The Nanded Police, in a joint operation with the Mumbai Crime Branch, detained a SIO leader in Maharashtra for allegedly giving a provocative speech during an anti-Citizenship Amendment Act (CAA) protest at Nanded on 1 February 2020.

===Hijab===
SIO defends Muslim women's right to wear hijab.

===Exhibition===
"Think. Act. Save." was a three-day exhibition, organized by the Hyderabad chapter of the SIO of India at the Exhibition Grounds in Nampally to create environmental awareness.

== Education ==
SIO, actively involved in education related contemporary issues. Protests, campaigns and legal actions initiated by SIO on various occasions.

=== Centre for Educational Research & Training (CERT) ===
CERT was established in February 2017 as a resource & guidance centre for students & researchers, supported by the Department of Education SIO of India. CERT is committed to promote & conduct research programmes in the field of Education. CERT engages in the academic realm with innovative approaches to re-frame educational policies. It maintains a wide network of students and research scholars, who are creatively contributing in knowledge production and intellectual capital.

=== Students Manifesto released 2019 ===
SIO of India released a 'Student Manifesto' ahead of the general elections, urged political parties to include the demands in their manifestos. Demands included increase in stipends, Arabic and Islamic studies chairs be opened in all universities, reservation in educational institutions as per the recommendations of the Sachar Committee report, extra attention to children with special needs.

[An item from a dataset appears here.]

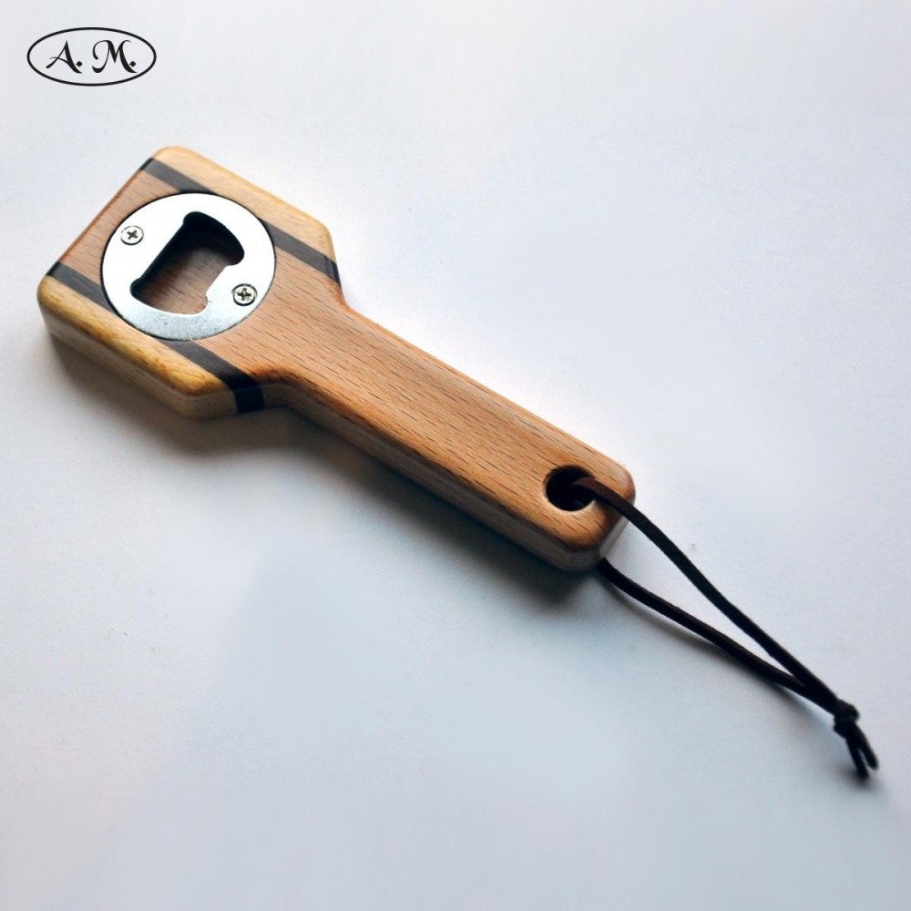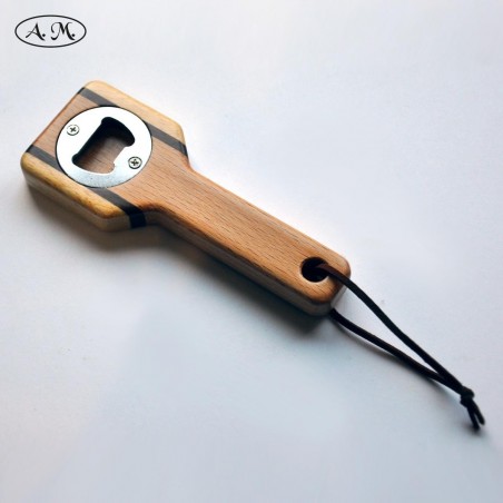 Practical handheld bottle opener to remove the cap from the bottles. Made of natural beech, mansonia and koto wood.

The section on education in the manifesto sharply criticizes the central and state governments for their poor implementation of the Right to Education Act, and makes a number of recommendations to improve efficiency and transparency. It also demanded to enact Rohit Act, to ensure legislative protection for students from marginalised communities in higher educational institutions—and to establish AMU off campus centres in minority concentrated districts.

== Environmental ==

=== Environmental Impact Assessment (EIA) 2020 ===
On behalf of SIO, one the largest students’ body in India, Syed Azharuddin, General Secretary of the organization has submitted the letter, through email, to Shri Prakash Javadekar, Hon Union Minister of Environment, Forests and Climate Change.

=== Farmers and Daily wage workers Suicide ===
According to the latest NCRB data, as many as 42,480 farmers and daily wagers committed suicide in 2019. Referring to the high number of suicidal cases among the farmers and day wagers, SIO General Secretary, Syed Azharuddin said "The industry which has more than 3% growth is Agriculture when GDP reduced to 23% and the situation of its care takers is infront of us,"

== Relief work ==

=== Lockdown 2020 ===
They have been involved in relief works during COVID-19 in India. They had provided ration kits to around 50,000 families. They also provided temporary accommodations for students as many students were stranded during sudden lockdown.

== Controversy ==
In 2020, a SIO leader was arrested for making a "provocative speech" during Citizenship Amendment Act protests. SIO condemned the arrest as a "Witch hunt".

In 2024, SIO conducted funeral prayers in Kerala, after Hamas leader Yahya Sinwar was killed by Israel, leading to criticism on social media.

They have also protested against ban on Popular Front of India.